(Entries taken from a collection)
┌──

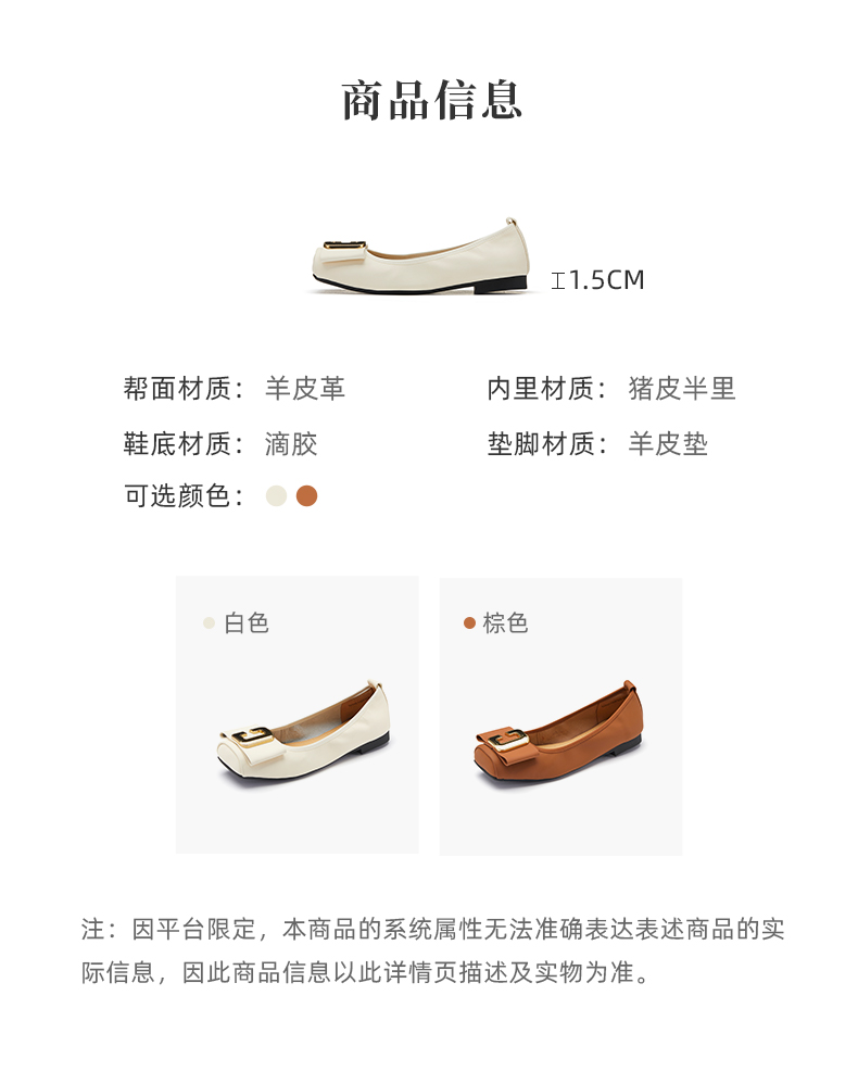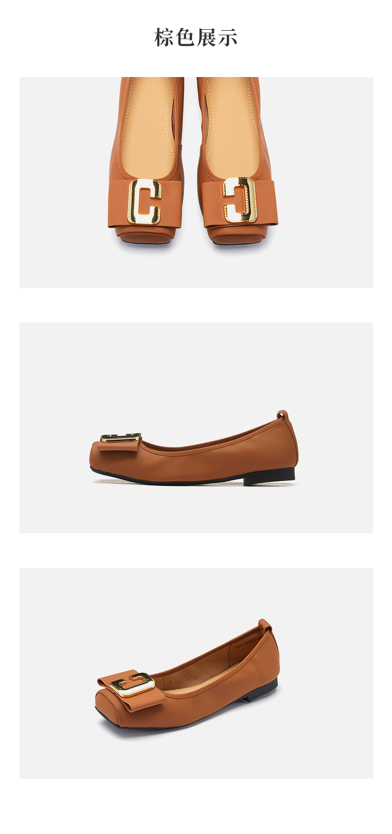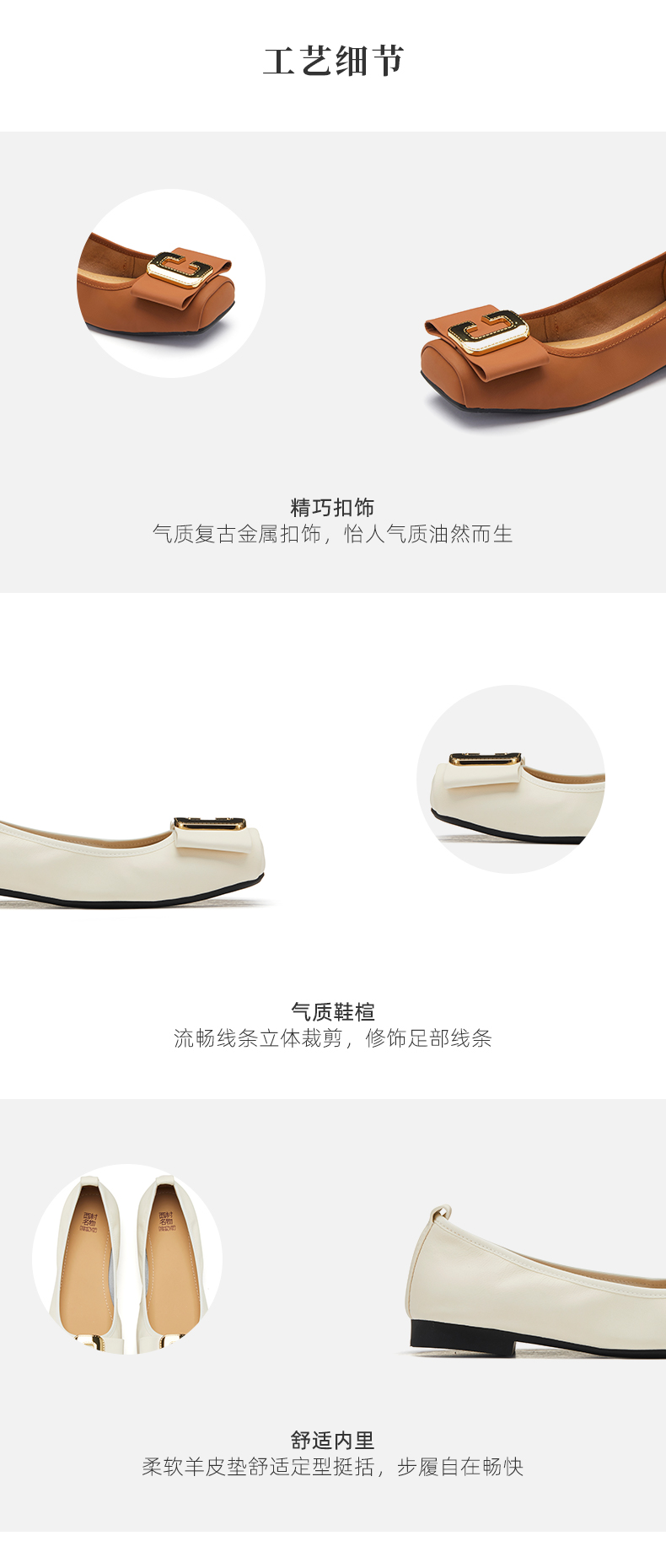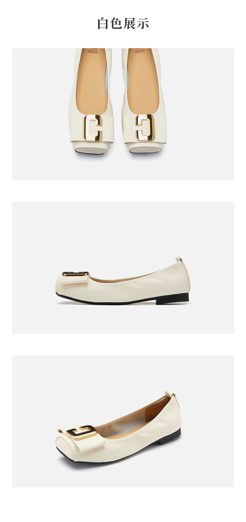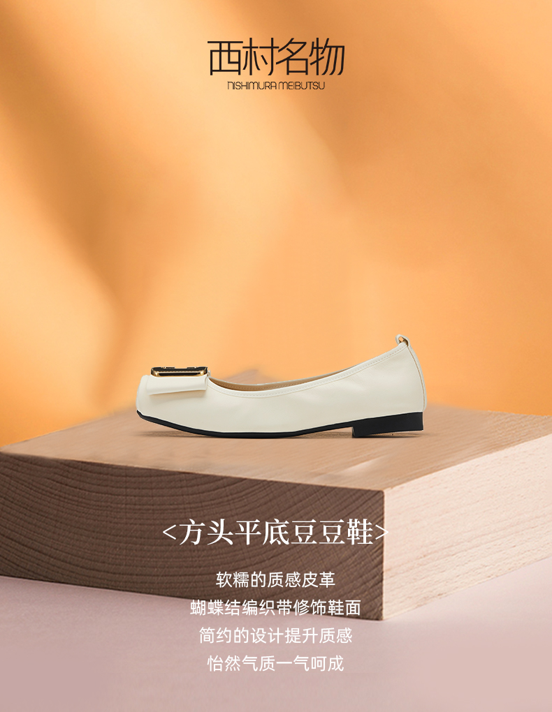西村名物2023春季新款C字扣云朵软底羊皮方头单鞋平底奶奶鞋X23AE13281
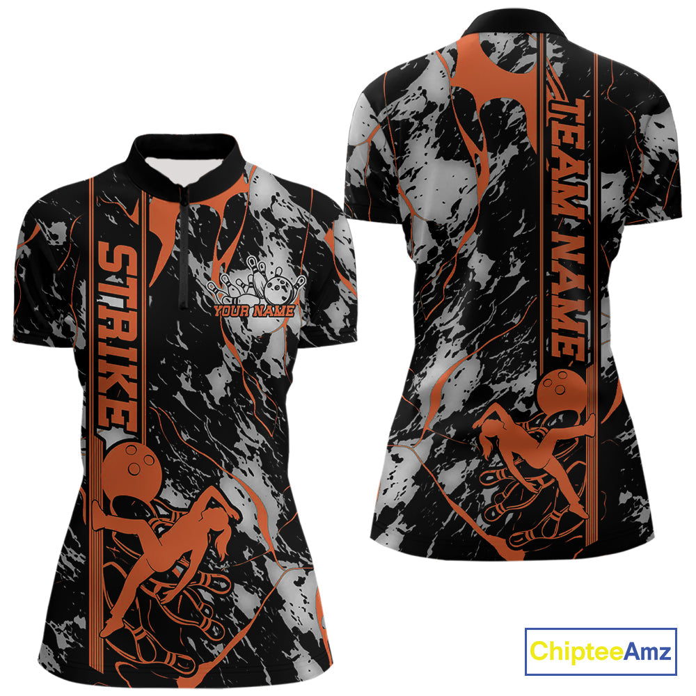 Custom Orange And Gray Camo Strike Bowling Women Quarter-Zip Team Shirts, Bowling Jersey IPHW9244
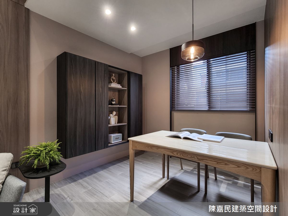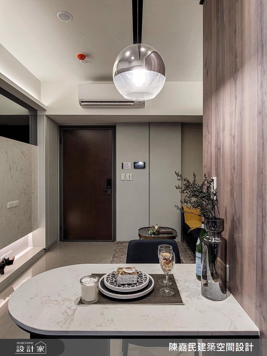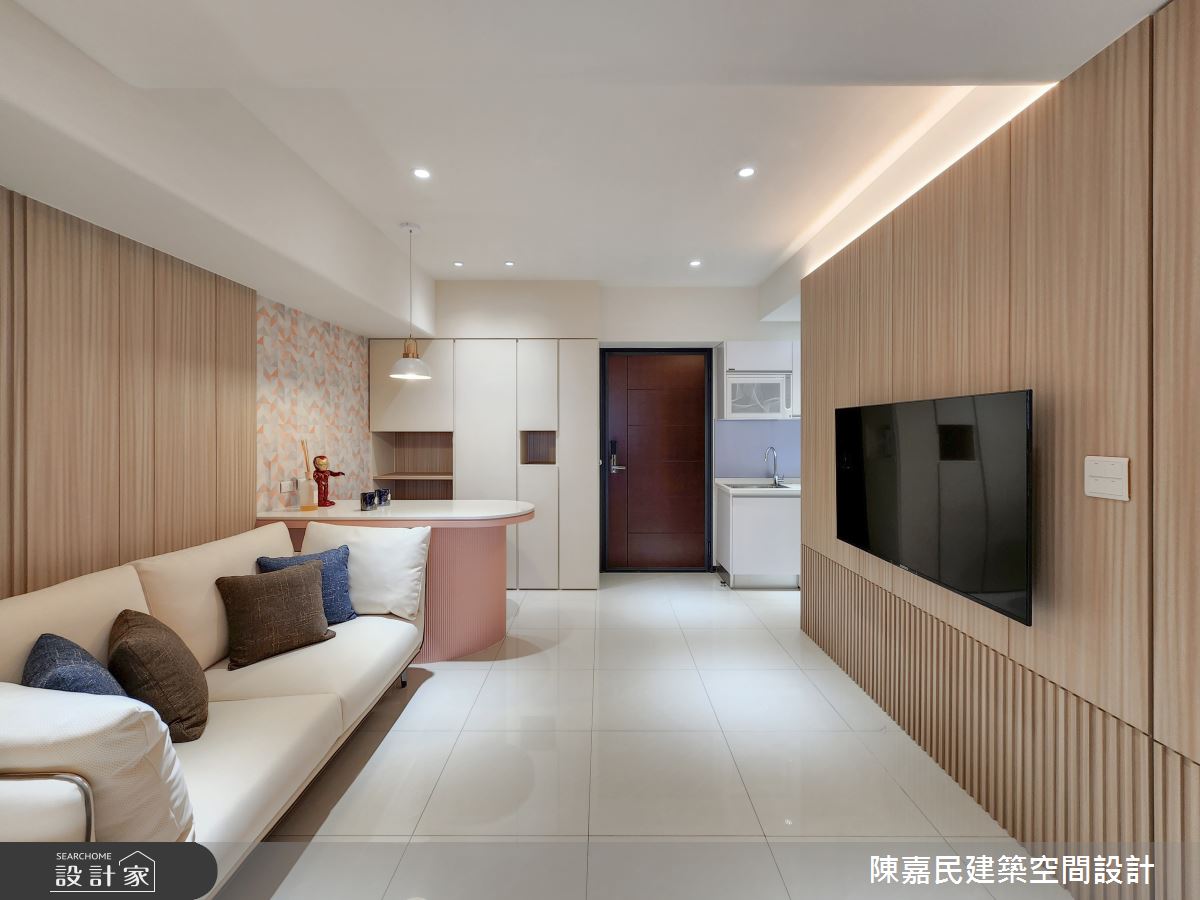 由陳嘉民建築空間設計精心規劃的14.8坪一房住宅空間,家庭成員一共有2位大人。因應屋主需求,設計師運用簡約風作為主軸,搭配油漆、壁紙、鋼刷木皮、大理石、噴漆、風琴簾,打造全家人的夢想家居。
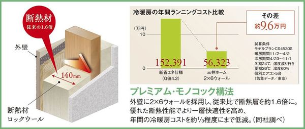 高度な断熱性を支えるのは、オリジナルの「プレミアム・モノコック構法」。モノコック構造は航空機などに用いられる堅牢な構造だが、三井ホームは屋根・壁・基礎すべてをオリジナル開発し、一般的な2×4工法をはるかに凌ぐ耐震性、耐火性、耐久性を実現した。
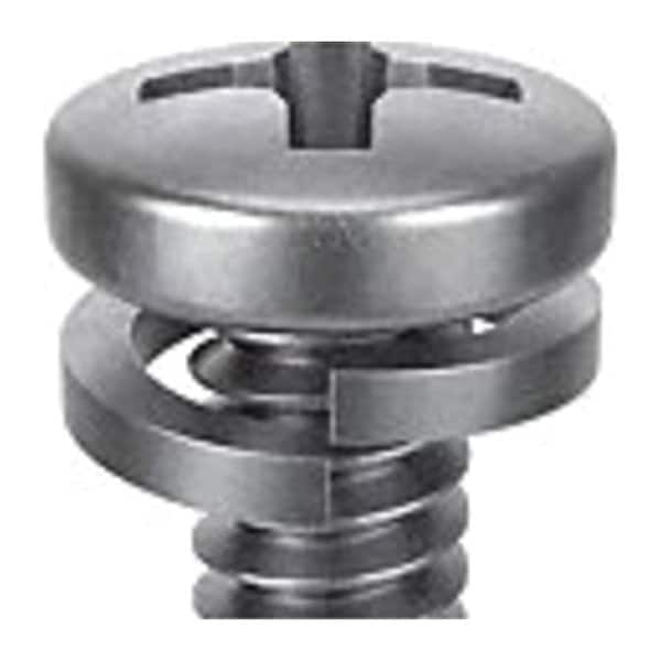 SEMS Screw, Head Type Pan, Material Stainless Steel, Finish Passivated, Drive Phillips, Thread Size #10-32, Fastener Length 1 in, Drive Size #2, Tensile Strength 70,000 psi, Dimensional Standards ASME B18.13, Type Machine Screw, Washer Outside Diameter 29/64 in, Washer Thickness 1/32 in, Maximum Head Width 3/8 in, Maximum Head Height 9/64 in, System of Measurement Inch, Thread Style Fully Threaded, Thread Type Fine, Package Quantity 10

└──

## TRY IT
Apart from the pictures, repeat every entry exactly.

## WRITTEN ANSWER
西村名物2023春季新款C字扣云朵软底羊皮方头单鞋平底奶奶鞋X23AE13281
 Custom Orange And Gray Camo Strike Bowling Women Quarter-Zip Team Shirts, Bowling Jersey IPHW9244
 由陳嘉民建築空間設計精心規劃的14.8坪一房住宅空間,家庭成員一共有2位大人。因應屋主需求,設計師運用簡約風作為主軸,搭配油漆、壁紙、鋼刷木皮、大理石、噴漆、風琴簾,打造全家人的夢想家居。
 高度な断熱性を支えるのは、オリジナルの「プレミアム・モノコック構法」。モノコック構造は航空機などに用いられる堅牢な構造だが、三井ホームは屋根・壁・基礎すべてをオリジナル開発し、一般的な2×4工法をはるかに凌ぐ耐震性、耐火性、耐久性を実現した。
 SEMS Screw, Head Type Pan, Material Stainless Steel, Finish Passivated, Drive Phillips, Thread Size #10-32, Fastener Length 1 in, Drive Size #2, Tensile Strength 70,000 psi, Dimensional Standards ASME B18.13, Type Machine Screw, Washer Outside Diameter 29/64 in, Washer Thickness 1/32 in, Maximum Head Width 3/8 in, Maximum Head Height 9/64 in, System of Measurement Inch, Thread Style Fully Threaded, Thread Type Fine, Package Quantity 10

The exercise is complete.